*** DATASET CONTENT

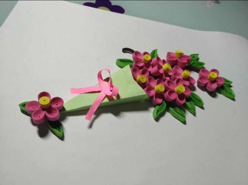 用粉色衍纸条做一个蝴蝶结,放上去。
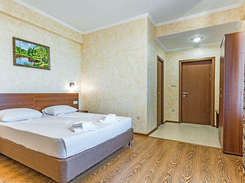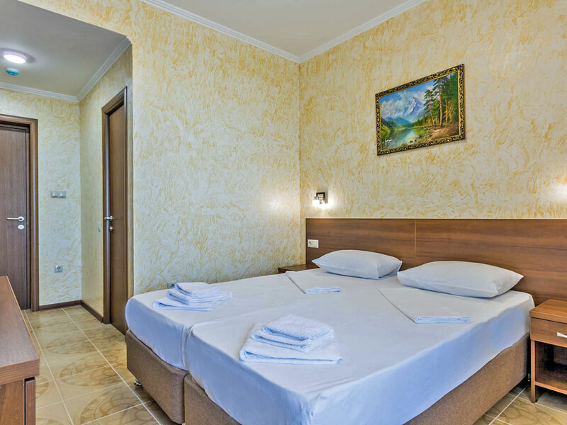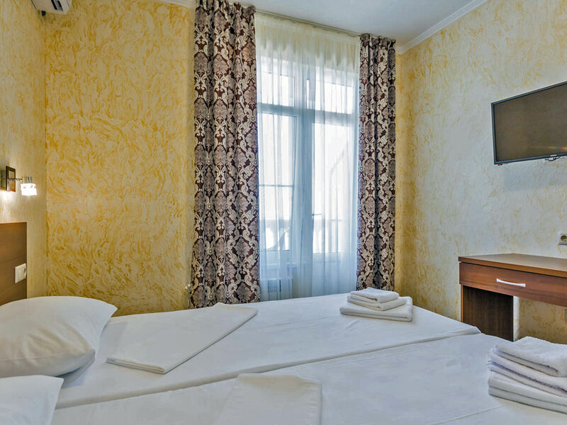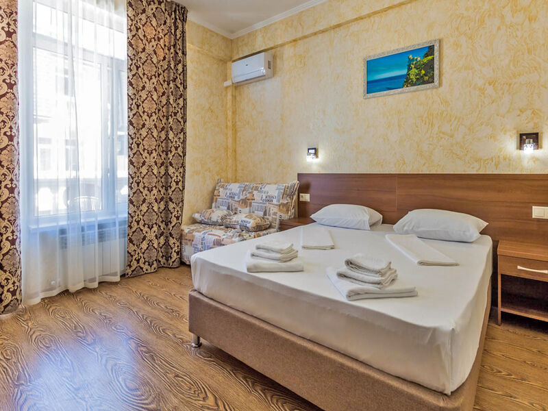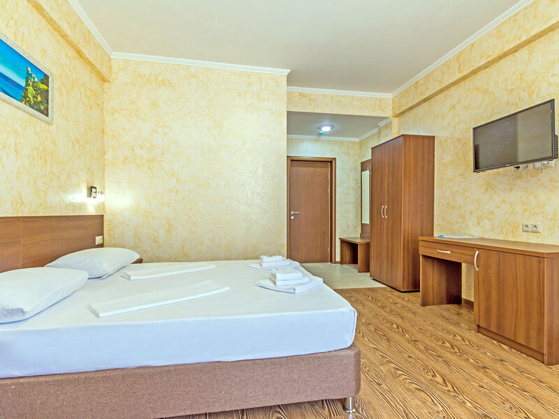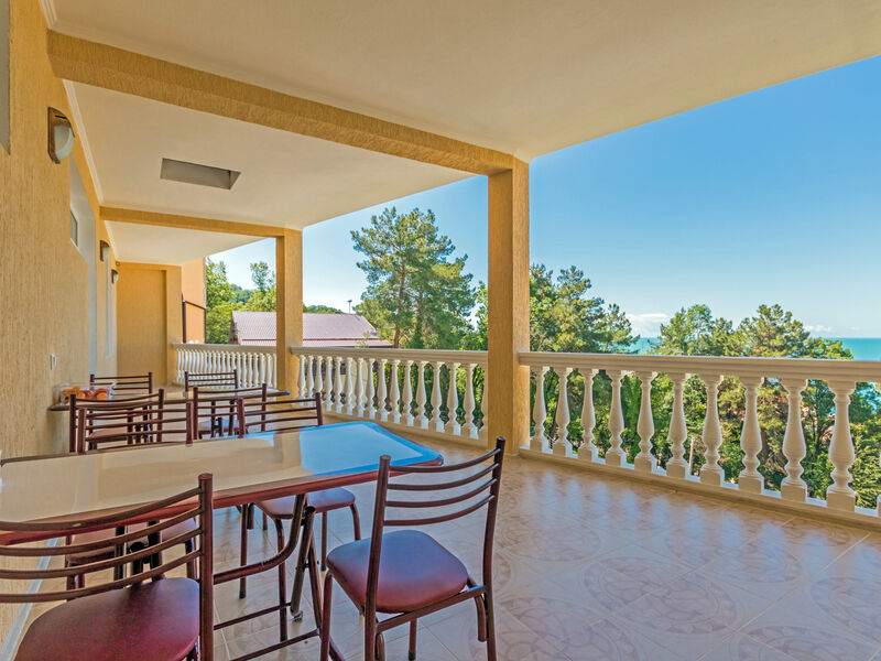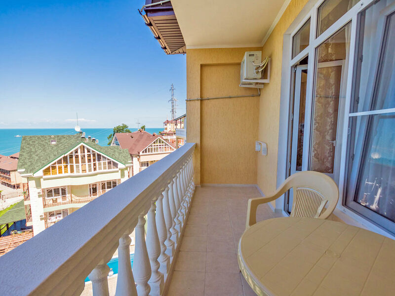 В построенном в 2016 году отеле из 2-х зданий, имеющих по 4 этажа, свободно размещается более 48 человек. Внутренние помещения отеля не уступают по красоте внешним и имеют хорошо продуманную меблировку. Номера оснащены отличными бытовыми и техническими приборами, абсолютно комфортные просторные номера, построенные в новом коттеджном городке с горным воздухом и прекрасным видом на море. Высокий уровень сервиса и комфорта.
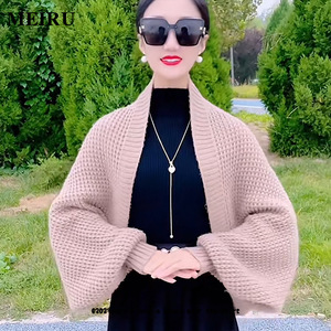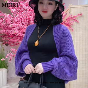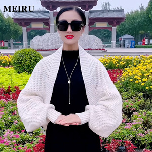 针织披肩女外搭秋冬季保暖时尚百搭洋气宽松长袖旗袍开衫带袖外套
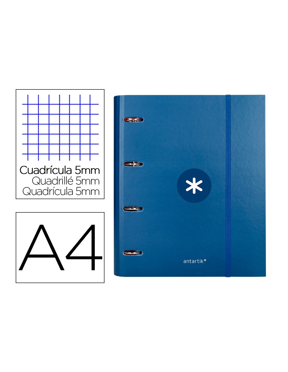 CARPETA RECAMBIO ANTARTIK A4 5MM FORRADA 4AN.REDONDAS 40MM AZ.

******

• WHAT YOU HAVE TO DO: Restate word for word only the lines that run from the line holding "В построенном в" to the end of the data, both ends kept, leaving every picture out.

• SOLUTION FOR THIS PROBLEM:
 В построенном в 2016 году отеле из 2-х зданий, имеющих по 4 этажа, свободно размещается более 48 человек. Внутренние помещения отеля не уступают по красоте внешним и имеют хорошо продуманную меблировку. Номера оснащены отличными бытовыми и техническими приборами, абсолютно комфортные просторные номера, построенные в новом коттеджном городке с горным воздухом и прекрасным видом на море. Высокий уровень сервиса и комфорта.
 针织披肩女外搭秋冬季保暖时尚百搭洋气宽松长袖旗袍开衫带袖外套
 CARPETA RECAMBIO ANTARTIK A4 5MM FORRADA 4AN.REDONDAS 40MM AZ.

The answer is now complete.